В рассказах Стадников всегда держался короткого, так сказать, лапидарного стиля, в котором прославился король баварский, но наивысшего совершенства, по моему мнению, достиг Степан Александрович Хрулев.
Стадников, впрочем, и с вида был похож на Хрулева да имел и некоторые другие, сходные с ним, черты. Так, он, например, подобно Хрулеву, мог играть в карты без сна и без отдыха по целой неделе. Соперников по этой выносливости у него во всем Киеве не было ни одного, но были только два, достойные его сил, партнера. Один из них был просто иерей, а другой — протоиерей. Первого из них звали Евфимием, а другого — Василием. Оба они были люди предобрые и пользовались в городе большою известностью, а притом обладали как замечательными силами физическими, так и дарами духовными. Но при всем том полковник далеко превосходил их в выносливости и однажды до того их спутал, что отец протоиереи, перейдя от карточного стола к совершению утреннего служения, не вовремя позабылся и, вместо положенного возгласа: «яко твое царство», — возгласил причетнику: «пасс!»
Впрочем, в доброй компании, которая состояла из этих трех милых людей, не только делали, что играли: случалось, что они иногда отрывались от карт для других занятий, например, закусывали и кое о чем говорили. Рассказывал, впрочем, по преимуществу, более один Стадников и как некоторые примечали, он, будто бы, как рассказчик, не очень строго держался сухой правды, а немного «расцвечал» свои повествования, или, как по-охотницки говорится, немножко привирал, но ведь без этого и невозможно. Довольно того, что полковник делал это так складно и ладно, что вводную неправду у него было очень трудно отличать от действительной основы. Притом же Стадников был неуступчив и переспорить его было невозможно. Рассказывали, будто полковник победоносно выходил из всевозможных в этом роде затруднений до того, что его никто никогда не останавливал и ему не возражали; да это и было бесполезно. Один раз полковник ошибкой или по увлечению сказал, будто он имел где-то в степях ордынских овец, у которых было по пуду в курдюке, а некто, случившийся здесь, перехватил еще более, что у его овец по пуду слишком… Полковник только посмотрел на смельчака и спросил с состраданием:
— Да, но что же такое было в хвостах у ваших овец?
— Разумеется, сало, — отвечал собеседник.
— Ага, то-то и есть!
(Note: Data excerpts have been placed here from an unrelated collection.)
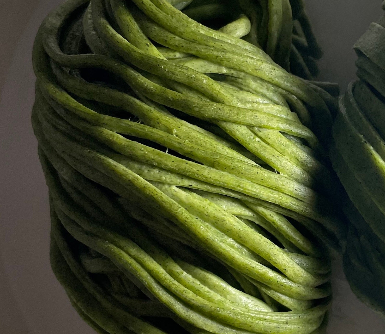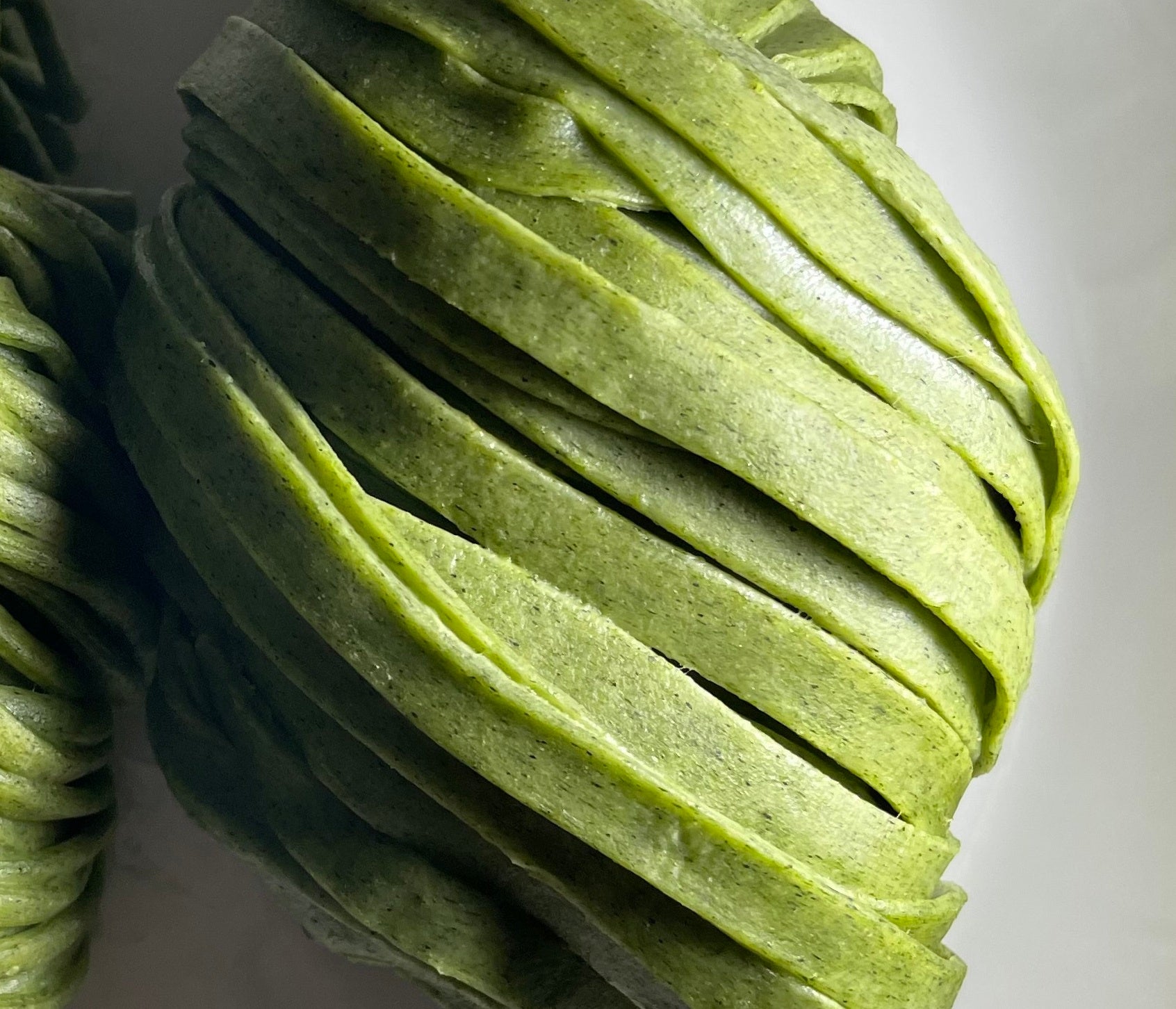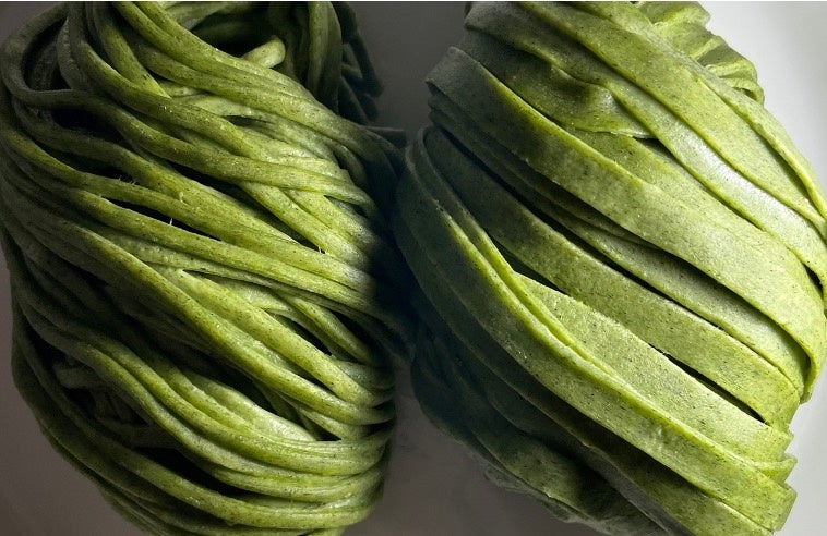 また、パスタには、1食あたり550mgのパブロバ藻粉末(フコキサンチン含量6mg)を使用し、パスタ職人が丁寧に仕上げた生パスタです。麺種は、リングイネとフェットチーネの2種類をご用意しています。魚介類や海藻類を使ったソースで仕上げると美味しくお召し上がりいただけます。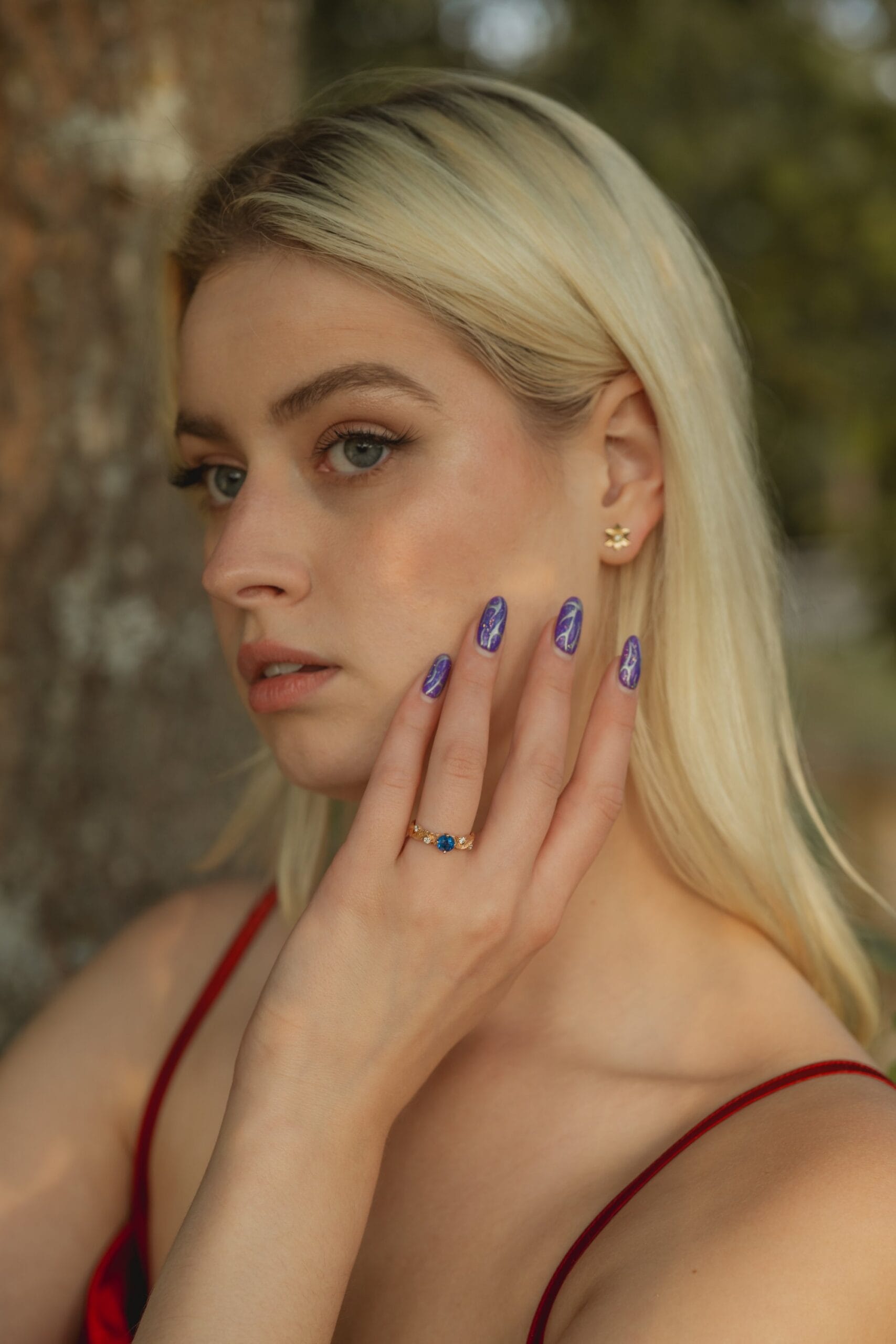 ⚜ Žiedas su centriniu 0,9 ct dydžio mėlynos spalvos safyru ir keturiais šoniniais natūraliais briliantais, kurių bendras svoris 0,10 ct. Brangakmenių autentiškumas patvirtintas prabavimo rūmų etiketėje, akmenų specifikacijos parašytos paskutinėje nuotraukoje.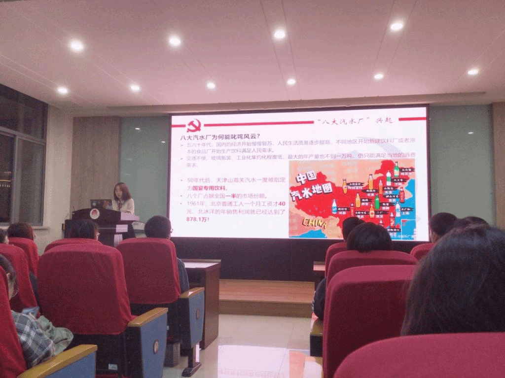 陈嫣首先从冰峰、崂山可乐等老牌饮料引入话题,探究了五六十年代我国八大汽水厂兴起的主要原因。她认为,一方面是由于五六十年代国内经济开始慢慢复苏,人民生活质量逐步提高,对饮料的需求日益增大,另一方面,当时的饮料厂工业化、集约化程度低,只能满足当地的消费需求,从而形成了“八厂鼎立”的格局。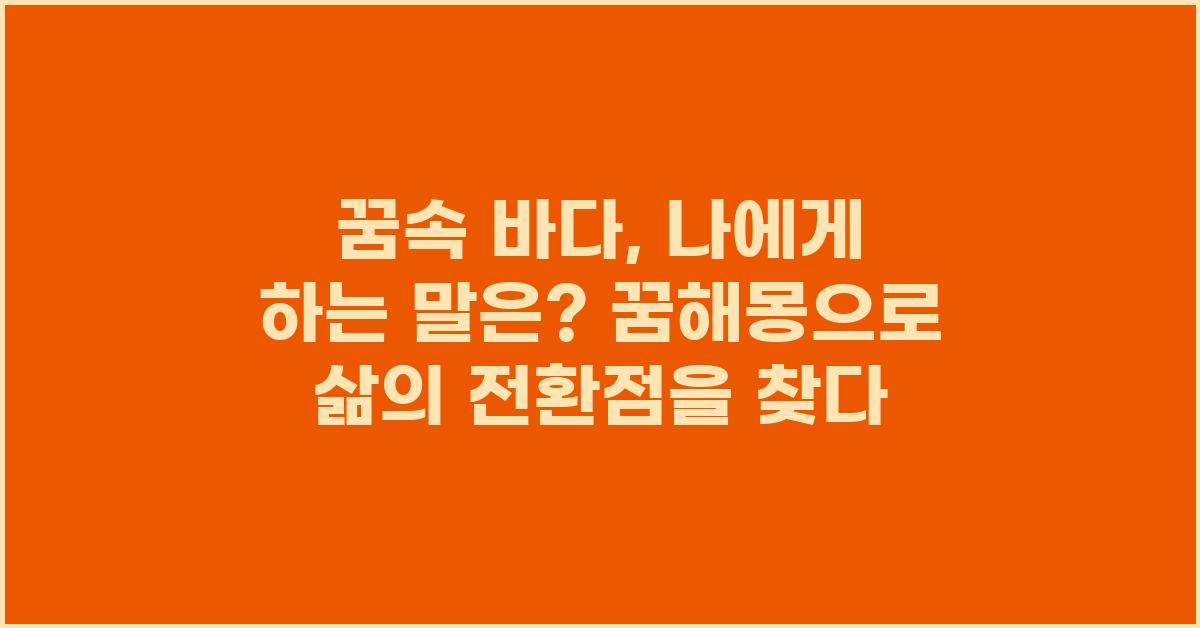 그렇다면 꿈속 바다를 통해 어떻게 삶의 전환점을 찾아낼 수 있을까요? 단순한 꿈 해몽이 아니라, 현실에서의 나의 삶을 돌아보는 기회입니다. 꿈속 바다가 전해주는 메시지를 이제는 조금 더 적극적으로 해석해보세요. 꿈속 바다, 나에게 하는 말은? 내가 해야 할 일이 무엇인지 말해주고 있습니다!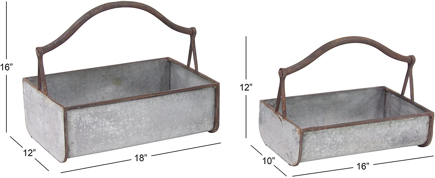 Set of two 18" and 16" Rustic Reflections, galvanized metal pot, made from 100% steel with distressed metal handle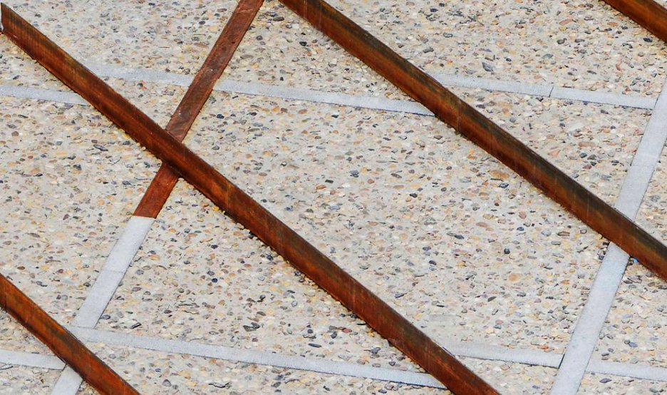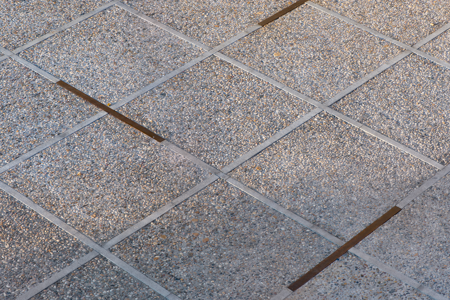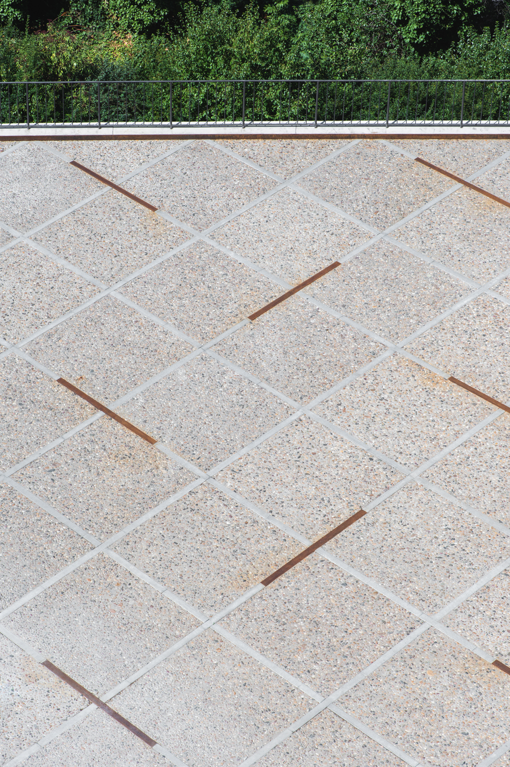 Technológia tryskaného betónu je bežne používaná na výrobu vymývanej dlažby, avšak v našich končinách je spájaná skôr s najslabšou formou architektúry v podobe okrášľujúcej parkovej alebo skôr chatársko-kutilskej produkcie. Firmy disponujúce výrobnou technológiou neboli schopné použiť iné plnivo ako najjemnejšie frakcie riečneho štrku, takže nezostávalo nič iné než jednu z firiem presvedčiť aby zabezpečila vybavenie a na niekoľkých vzorkách vyskúšala použitie väčšej frakcie. V dvoch realizačných etapách sa experiment podarilo dotiahnuť do konca.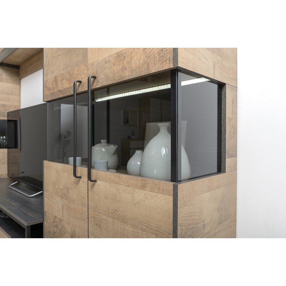 Все петли и направляющие оснащены доводчиками. Светодиодная подсветка в витринах с тонированным стеклом — эффектно подчёркивает аксессуары.
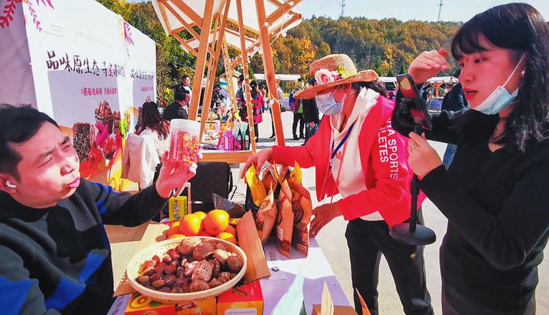 11月13日,曾都区洛阳镇在九口堰革命纪念馆广场举办了以“搭起电商桥,共圆小康梦”为主题的第一届农产品电商节活动,助推农产品销售。图为随州知名网红主播现场直播带货。 (随州日报全媒记者李文军摄)
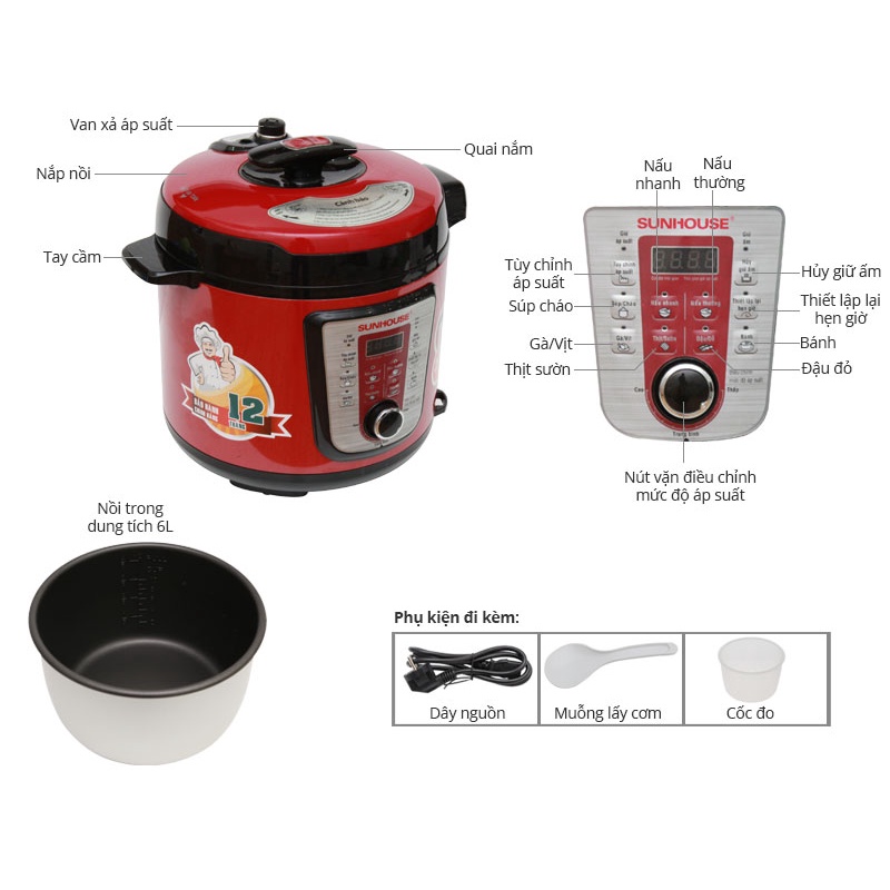 Chức năng: Nấu cơm, giữ ấm, hầm, ninh, làm bánh, nấu súp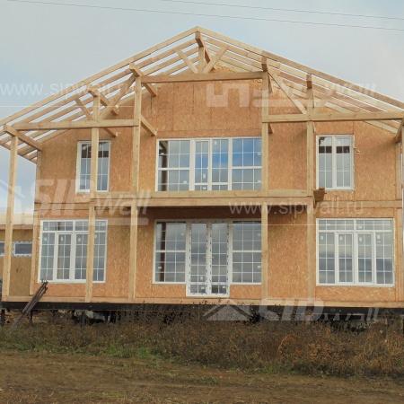 Выполнены работы по устройству свайного фундамента, изготовлению и монтажу домокомплекта, устройство кровли, окна, фасадные работы.

А у моих был воск!
Тем и покончил. Разумеется, с таким человеком спорить было невозможно, но слушать его приятно.
Говорить здесь любили о материях важных, и один раз тут при мне шла замечательная речь о министрах и царедворцах, причем все тогдашние вельможи были подвергаемы очень строгой критике; но вдруг усилием одного из иереев был выдвинут и высокопревознесен Николай Семенович Мордвинов, который «один из всех» не взял денег жидов и настоял на призыве евреев к военной службе, наравне со всеми прочими податными людьми в русском государстве.